Instow is on the east bank of the Torridge which flows north into the Taw which is headed west just before it empties into the ocean. Instow, at the juncture of the two rivers and their common mouth, looks out into the Atlantic, and is a popular beach resort in the summer.
“We visited the hotel’s former location. Unfortunately, it burned down in 1972 and an apartment complex sits there now.
“Regardless, we have this neat photograph of the old Marine Hotel!”
In the official record of their marriage, Catherine is listed as being of the Pilton parish while Hugh was in the parish. His “profession” is given as Sojourner which indicated not his work, but rather that he was from somewhere else and only in the area temporarily.
“We’re not yet sure where they took up residence at first, but we do know they had a bunch of kids,” Ed says.
“Referring to Hugh and Catherine’s lives twenty years later, one family historian (Greta Shutt) left a note in one of her workbooks that Hugh had a successful business in Barnstaple as a Glazier in the 1850s. Greta wondered why he would uproot his family and business, move to Canada, and basically start all over again.
“That mystery aside, I also have the problem of figuring out what happened to all the kids. It looks like Hugh and Catherine had at least a dozen children but not all of whom survived infancy. There are two Georges, for example, the first of whom lived less than a year. Ten months later, they had my great grandfather, George Henry Skinner.
Around 1856, Hugh and Catherine decided to move the family to Canada, to Guelph in Ontario for unknown reasons.
So many people were emigrating to North America that the British government gave up on trying to keep track of who was leaving on which ship. Many of the shipping companies kept logs but many others didn’t, or they’ve been lost over the years. Hugh and Catherine’s crossing, as well as the reason for going, is a mystery.

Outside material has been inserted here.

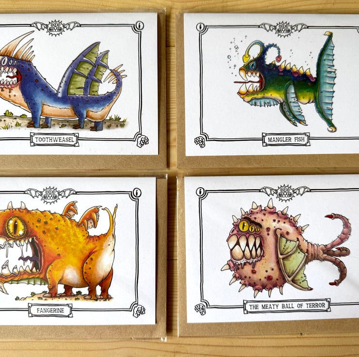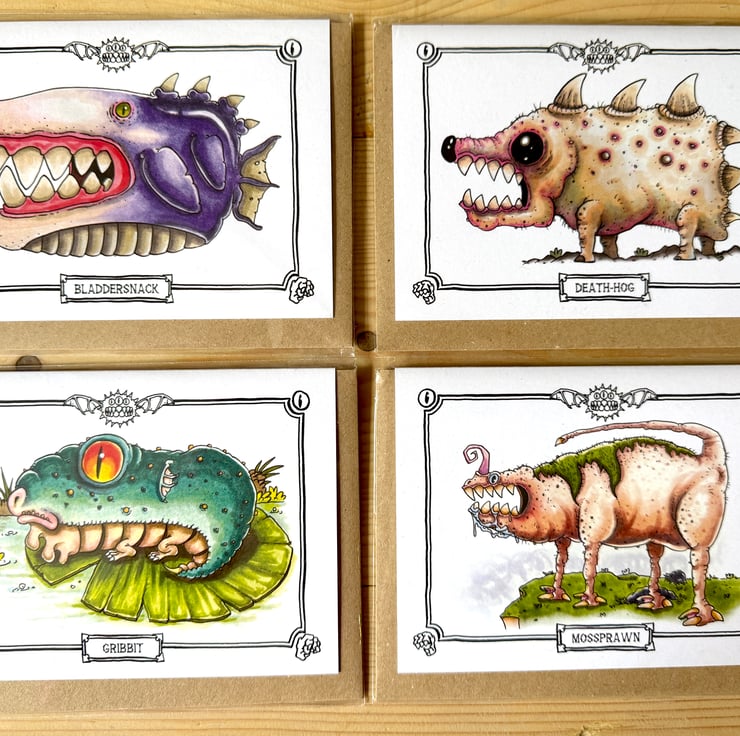 Pack contains 12 x A6 cards: Gribbit, Mossprawn, Death-hog, Bladdersnack, Mangler Fish, Toothweasel, Fangerine, The Meaty Ball of Terror, Grumblebee, Blah Blah, The Dread Baron and Father Crustmas.

But once they arrived in Guelph, things start happening.
“Guelph is where my ancestry gets real busy,” Ed says. “George marries Elizabeth Bessie Watson and, from there, it ultimately leads to me.”
Watson
Bessie’s parents, James Watson and Margaret Clarke, had similarly moved their family the year before. They came from the Meigle and Glamis area in Perthshire, Scotland, from a farm estate called Lang Logie that’s on the south side of highway A94, northeast of Perth.
“It’s marked on the Ordnance map as langlogie about two miles east of Meigle. To the northwest are the Grampian Mountains. There are few trees or bushes and, in December, you can stand outside the barn and see the snow drifting down on the Highlands. Like the moors down in Devon and the desert back home in Phoenix, the open Highlands exert a strong pull. I wanted to just start walking to see what was up there,” Ed said.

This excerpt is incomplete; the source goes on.